The interest rate margin on loans under the facility is based on the amount of availability that the borrowers have under the facility. In general, the spread
on loans based on LIBOR will range from 1.25% to 1.75% and on an adjusted base rate will be -0.50% to 0.00%. There are also other rate options for U.K. and Canadian borrowings. The proceeds of the ABL Facility, to the extent not used to pay for the
Acquisition and fees, costs and expenses incurred by the Company in connection with the Acquisition and the ABL Facility, will be used to finance the working capital needs and general corporate purposes of the Company and its U.S., Canadian, U.K.,
Dutch and Luxembourg subsidiaries in the ordinary course of business. A limited amount of money may be loaned to the Companys subsidiaries in Mexico and elsewhere.
The debt under the ABL Facility is guaranteed by most of the Companys U.S., Canadian, U.K. and Luxembourg
subsidiaries and certain of the Companys Dutch subsidiaries. Subject to certain exceptions, the debt and guarantees are secured by (a) all of the Companys and guarantors ownership interests in their subsidiaries and (b)

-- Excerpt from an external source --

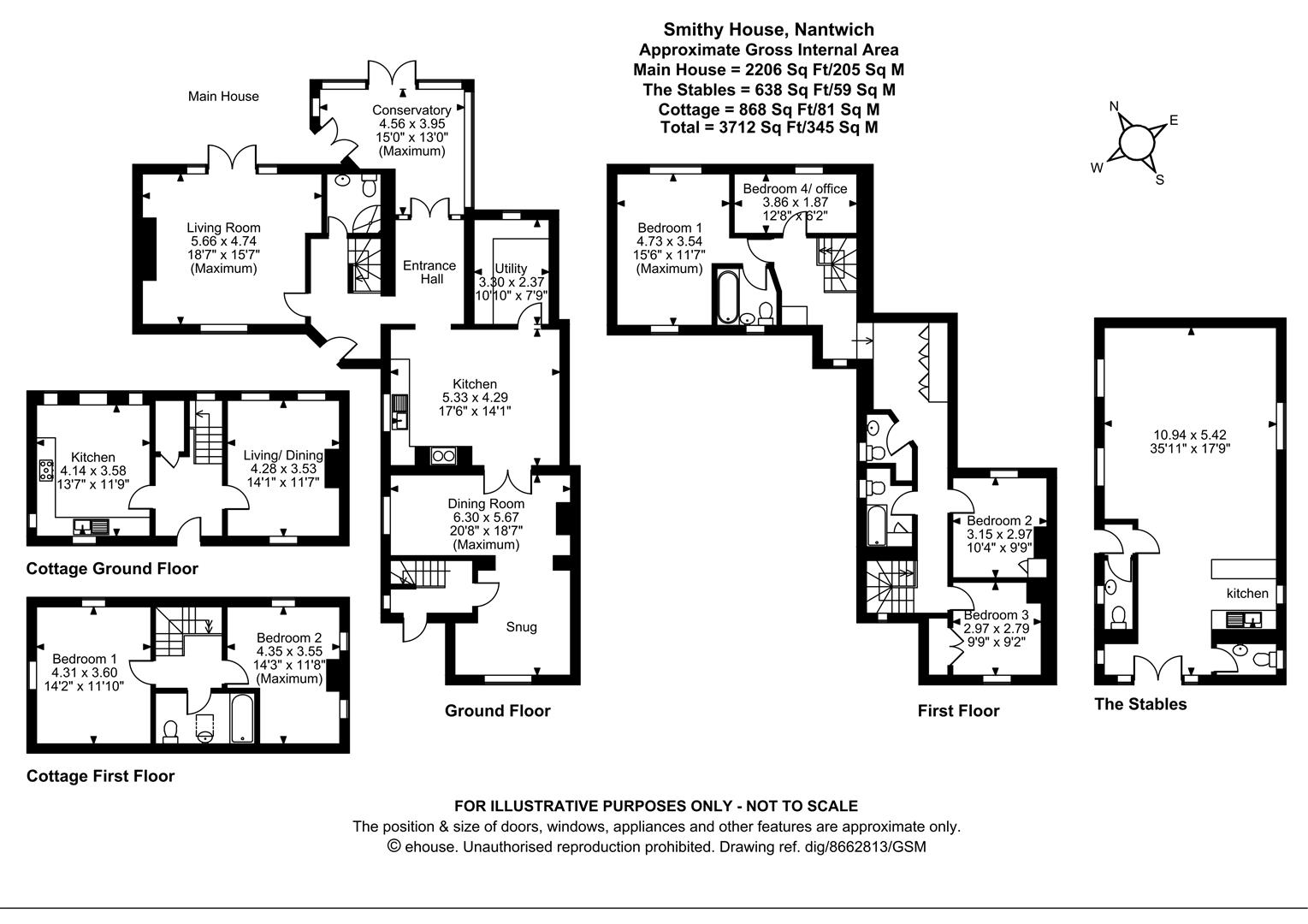 Smithy House offers spacious and characterful accommodation across two floors. The ground floor features four reception rooms, including a welcoming entrance hall, a shower room with WC, a cosy living room with a feature brick fireplace and wood-burning stove and a conservatory with views to the rear gardens.

substantially all of the personal property assets of the borrowers and the guarantors as well as specified real estate. The Company has agreed to pay usual and customary commitment fees that vary on a monthly basis depending on average utilization
of the ABL Facility.
The borrowers and restricted subsidiaries are subject to a number of business and financial covenants and events of default. The ABL
Facility contains customary restrictive covenants, including limitations on indebtedness, liens, mergers, consolidations, liquidations and sales, payment of dividends, investments, loans and advances, optional payments and modifications of
subordinated and other debt instruments, and transactions with affiliates. Events of default under the ABL Facility include nonpayment, inaccuracy of representations and warranties, violation of covenants, cross-default to other indebtedness,
bankruptcy, material judgments, and a change of control of the Company. Upon the occurrence of an event of default, the lenders may terminate the commitments and declare all loans due and payable. The Company has agreed to a mandatory prepayment
provision (but without a reduction of the commitment), subject to certain exceptions, upon a sale or transfer of assets of a borrower or guarantor, upon the receipt of proceeds from the issuance of any indebtedness, upon the occurrence of an
availability shortfall under the revolver, or upon receipt of insurance proceeds or condemnation awards.

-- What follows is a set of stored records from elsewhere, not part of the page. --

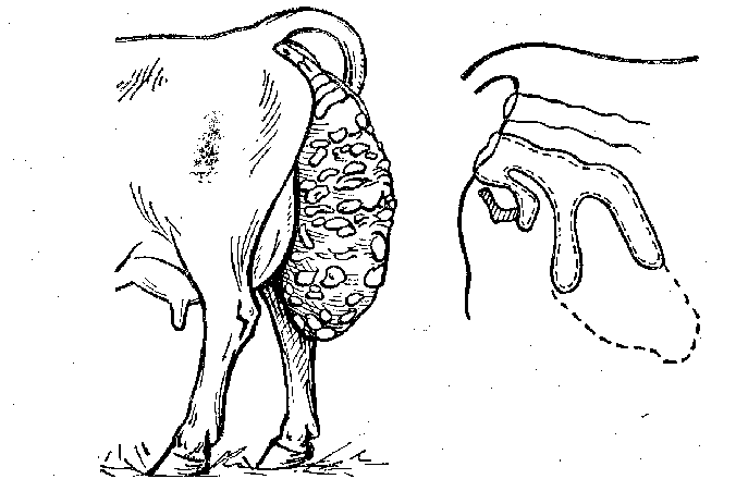 Il est difficile de ne pas remarquer que l'utérus est tombé, c'est difficile - l'organe est grand, en forme de poire, avec un prolapsus complet, il peut pendre de la vache aux articulations du jarret. Au début, il a une couleur rouge vif, quand il est à l'extérieur du corps pendant plusieurs heures, il devient brun, acquiert parfois une couleur bleuâtre. Des traces du placenta peuvent être visibles à la surface de l'utérus, car il est tourné vers l'extérieur. Parfois, il arrive que la vessie et une partie du rectum prolapsus avec l'utérus, mais de tels cas sont généralement rares.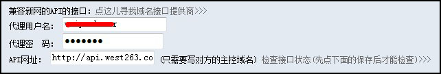 這里要求輸入代理用戶名、代理密碼以及API網址。代理用戶名和密碼參見說明文檔開頭設置的密碼。API網址填寫:http://api.west263.com。如圖: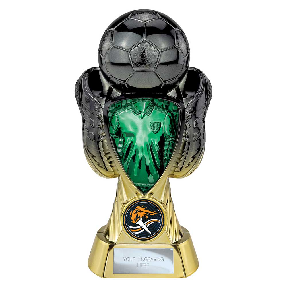 Tournament boot and ball trophy 170mm in carbon black and gold with green shield. Engraved plate and club logo can be applied to the front. Evenly weighted hard scratch proof plastic shell.

The ABL Facility also contains a minimum fixed
charge coverage ratio covenant of 1.0 to 1.0 effective when and if (a) there exists an event of default or (b) excess availability is less than the greater of (i) 10.0% of the aggregate amount of all commitments at such time and
(ii) $37.5 million. If (a) there exists a payment, bankruptcy or other insolvency default or (b) excess availability is less than the greater of (i) 10% of the aggregate amount of all commitments at such time and (ii) $37.5
million for any period of five consecutive days, the lenders will take dominion over the cash and in some cases transfer collection accounts to the name of the administrative collateral agent. At all times that full cash dominion is in effect under
any security agreement (and at all times with respect to collections of the U.K. loan parties), amounts in the collection account will be applied to reduce amounts owing under the ABL Facility.
The Company does not have any material relationship with the Lenders who are party to the ABL Facility, other than (i) in respect of the ABL Facility and its
predecessor credit facilities, and (ii) affiliates of JPMorgan Chase Bank, N.A., Deutsche Bank AG, Bank of America, N.A., Wells Fargo Capital Finance, LLC and SunTrust Bank have performed, and may in the future perform various commercial
banking, investment banking, underwriting, trust and other financial advisory services for the Company, for which such affiliates have received, and will receive, customary fees and expenses.